• _Task item_
Write out word for word each line of the records, beginning at the first and stopping after the line with "Bieżnik świąteczny białe". Leave the pictures out.

== Input for this task

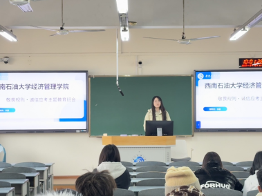 班会重点解读了《西南石油大学学生考试违纪、作弊处理办法》中的考试纪律“高压线”,明确作弊组织者、使用通讯设备作弊、替考与被替考等作弊、违纪行为将导致严重后果,倡导同学们拒绝违规诱因,共建风清气正的考场环境。此外,班会强调了网络言论规范,要求大家严守“不发布、不转发、不围观”涉政、涉敏及未经证实信息的“三不”原则。在安全管理方面,明确离校前需落实断水断电、贵重物品随身、完成离校登记等要求,强化最后一人离寝责任;寒假出行需遵守交通规则,拒绝黑车与超载车辆,全程系好安全带,校内骑行共享电动车需佩戴头盔、不载人,跨年期间尽量减少聚集,防范流感传播及踩踏风险。
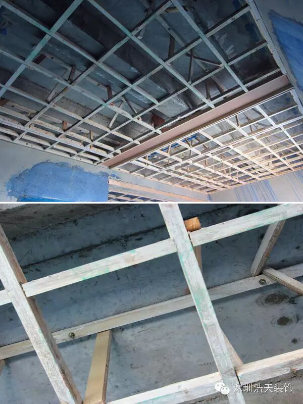 首先要在天面,就是建筑物最上面的屋面,放线定位。之后,就是安装龙骨,龙骨是一种骨架,用来做吊顶的基础材料。
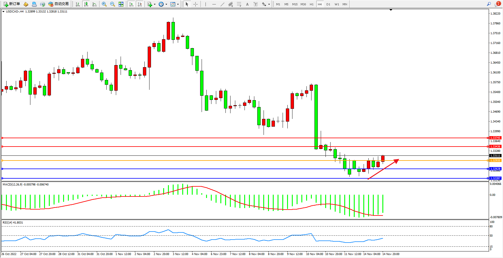 美元加元USDCAD——4小时K线图显示:
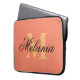 Personalized monogram orange colour laptop sleeve. Elegant typography design with monogrammed initial letter. Custom 15 inch cover. Luxury computer accessories for him or her.
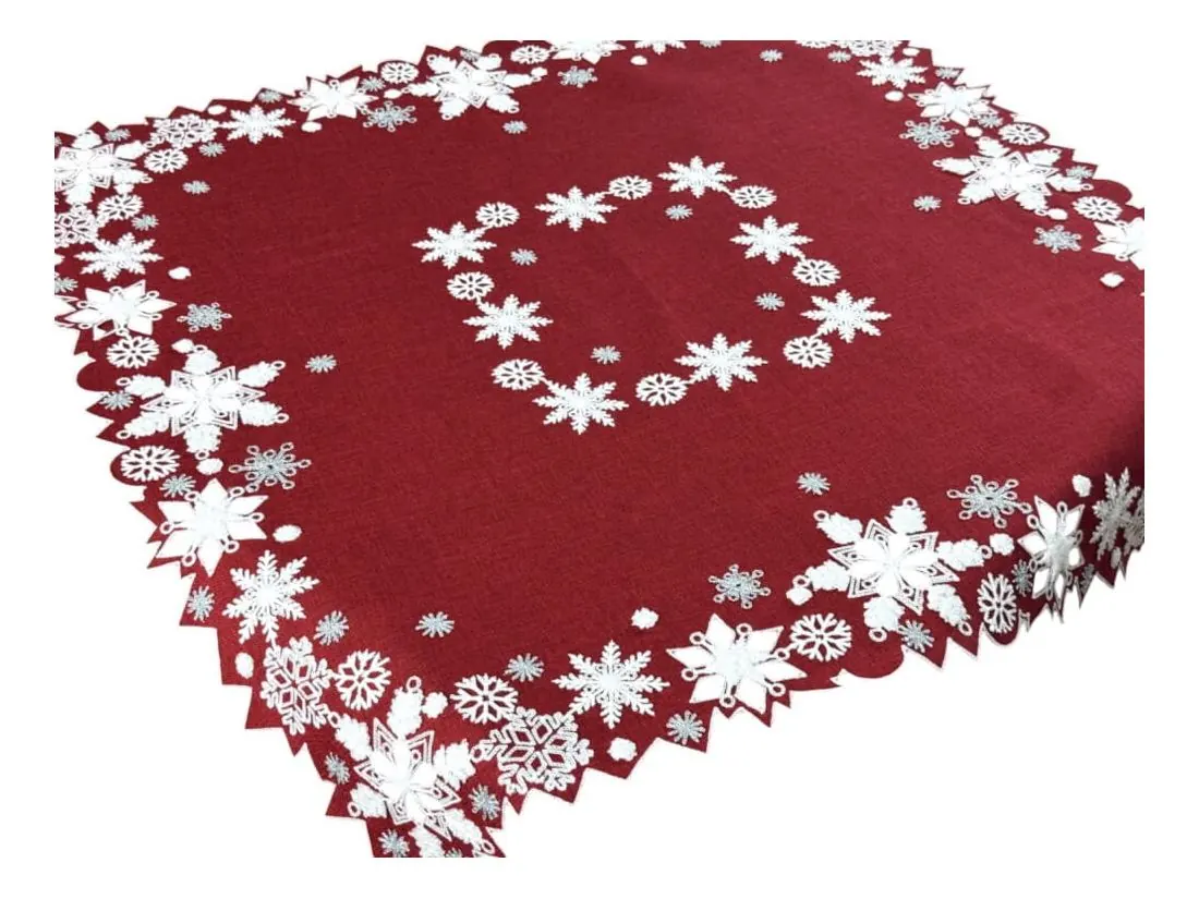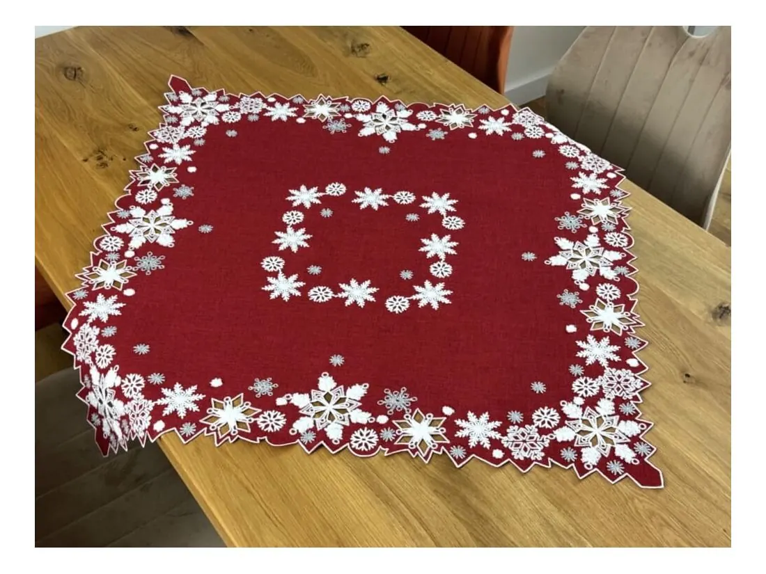 Bieżnik świąteczny białe śnieżynki 85x85 cm int 418 Boże Narodzenie 1 szt czerwona
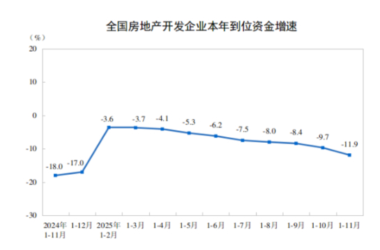 1—11月份,房地产开发企业到位资金85145亿元,同比下降11.9%。其中,国内贷款13149亿元,下降2.5%;利用外资23亿元,下降24.6%;自筹资金30628亿元,下降11.9%;定金及预收款25098亿元,下降15.2%;个人按揭贷款11786亿元,下降15.1%。
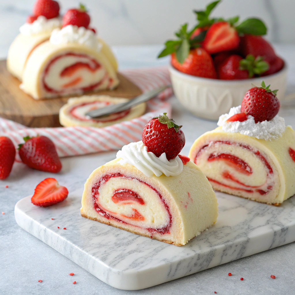 Rollos de Cheesecake de Fresa: ¡Deliciosos, Cremosos y Perfectos para un Postre Irresistible! 🍓🧀🍰
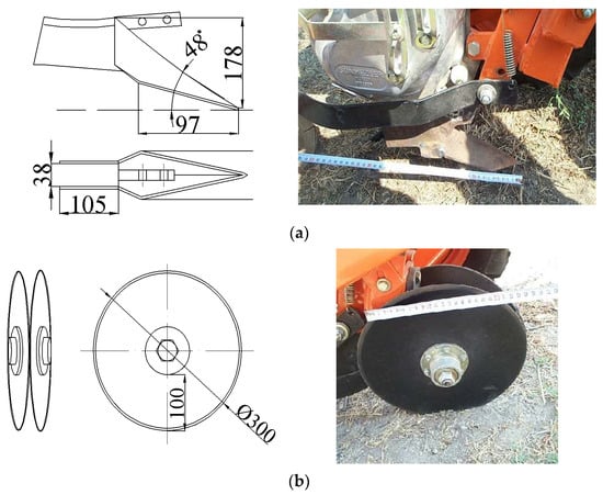 Technical drawings and photos of furrow openers. (a) Hoe-type furrow opener, (b) double-disc-type furrow opener.
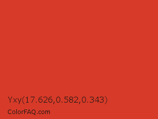 Yxy 17.626,0.582,0.343 Color is a normal red color and the nearest color is Vermilion #d9381e. Hex code #d73a28 and RGB value is rgb(215,58,40). In RGB color space, this color is composed of 84% red, 23% green, 16% blue, In CMYK color space, this color is composed of 0% cyan, 73% magenta, 81% yellow , 16% black , In HSL color space, this color has a hue angle of 6° , 69% saturation and 50% lightness.
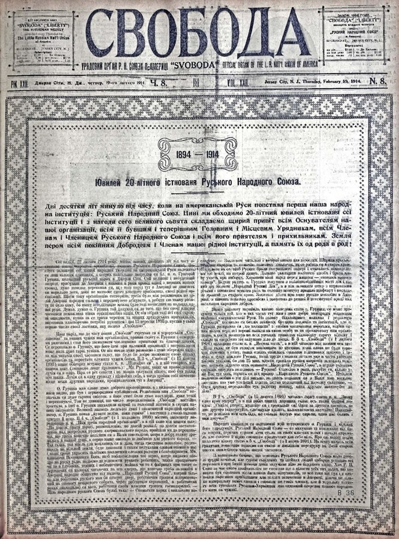 «1894–1914. Юбилей 20-летнего существования Русского Народного Союза. Два десятка лет прошло с тех пор, когда на американской Руси возникла первая наша народная институция: Русский Народный Союз.
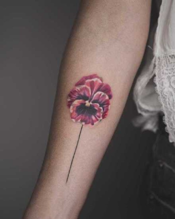 纹在手臂胳膊上的黑灰素花花卉纹身图案欣赏
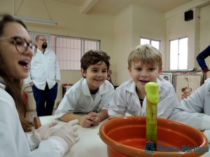 Nessa segunda-feira (10.06) os afilhados das turmas 11, 12, 13 e 14 se reuniram com os dindos do 3º ano do Ensino Médio para mais uma atividade de integração dentro do Programa Laços Afetivos, realizado pelo Serviço de Orientação Educacional (SOE). Dessa vez, o encontro foi no Laboratório de Ciências e contou com diversas práticas, coordenadas pela professora de biologia Ângela Lenz e o professor de química Maurício Hilgemann. Dindos e afilhados se transformaram em verdadeiros cientistas na execução das experiências. Foi um momento muito divertido, de trocas, aprendizado, envolvimento e carinho!
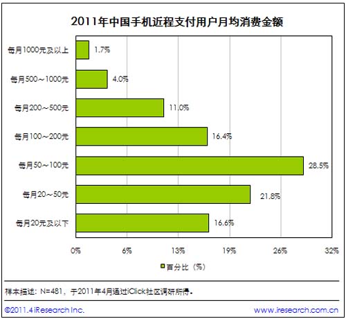 根據(jù)艾瑞咨詢(xún)近期發(fā)布的《2011年中國(guó)新興線(xiàn)下支付行業(yè)研究報(bào)告》的研究數(shù)據(jù)顯示,中國(guó)手機(jī)支付發(fā)生的場(chǎng)景主要集中在超市、便利店和商場(chǎng)等場(chǎng)所;并且,目前的中國(guó)用戶(hù)的手機(jī)支付金額,都以100元及以下的小額支付為主。
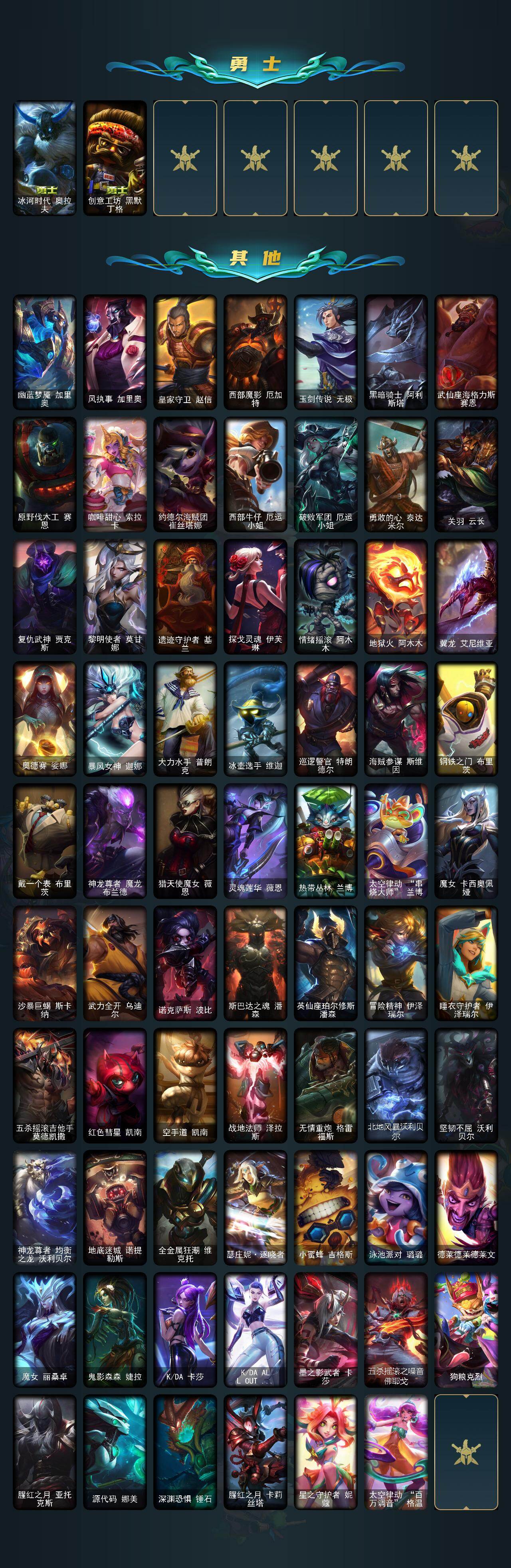 【其他皮肤1】:幽蓝梦魇加里奥,风执事加里奥,皇家守卫赵信,西部魔影厄加特,玉剑传说无极,黑暗骑士阿利斯塔,武仙座海格力斯赛恩,原野伐木工赛恩,咖啡甜心索拉卡,约德尔海贼团崔丝塔娜,西部牛仔厄运小姐,破败军团厄运小姐,勇敢的心泰达米尔,关羽云长,复仇武神贾克斯,黎明使者莫甘娜,遗迹守护者基兰,探戈灵魂伊芙琳,情绪摇滚阿木木,地狱火阿木木,翼龙艾尼维亚,奥德赛娑娜,暴风女神迦娜,大力水手普朗克,冰壶选手维迦,巡逻警官特朗德尔,海贼参谋斯维因,钢铁之门布里茨,戴一个表布里茨,神龙尊者魔龙布兰德,猎天使魔女薇恩,灵魂莲华薇恩,热带丛林兰博,太空律动串烧大师兰博,魔女卡西奥佩娅,沙暴巨蝎斯卡纳,武力全开乌迪尔,

====

• _Task response_
 班会重点解读了《西南石油大学学生考试违纪、作弊处理办法》中的考试纪律“高压线”,明确作弊组织者、使用通讯设备作弊、替考与被替考等作弊、违纪行为将导致严重后果,倡导同学们拒绝违规诱因,共建风清气正的考场环境。此外,班会强调了网络言论规范,要求大家严守“不发布、不转发、不围观”涉政、涉敏及未经证实信息的“三不”原则。在安全管理方面,明确离校前需落实断水断电、贵重物品随身、完成离校登记等要求,强化最后一人离寝责任;寒假出行需遵守交通规则,拒绝黑车与超载车辆,全程系好安全带,校内骑行共享电动车需佩戴头盔、不载人,跨年期间尽量减少聚集,防范流感传播及踩踏风险。
 首先要在天面,就是建筑物最上面的屋面,放线定位。之后,就是安装龙骨,龙骨是一种骨架,用来做吊顶的基础材料。
 美元加元USDCAD——4小时K线图显示:
 Personalized monogram orange colour laptop sleeve. Elegant typography design with monogrammed initial letter. Custom 15 inch cover. Luxury computer accessories for him or her.
 Bieżnik świąteczny białe śnieżynki 85x85 cm int 418 Boże Narodzenie 1 szt czerwona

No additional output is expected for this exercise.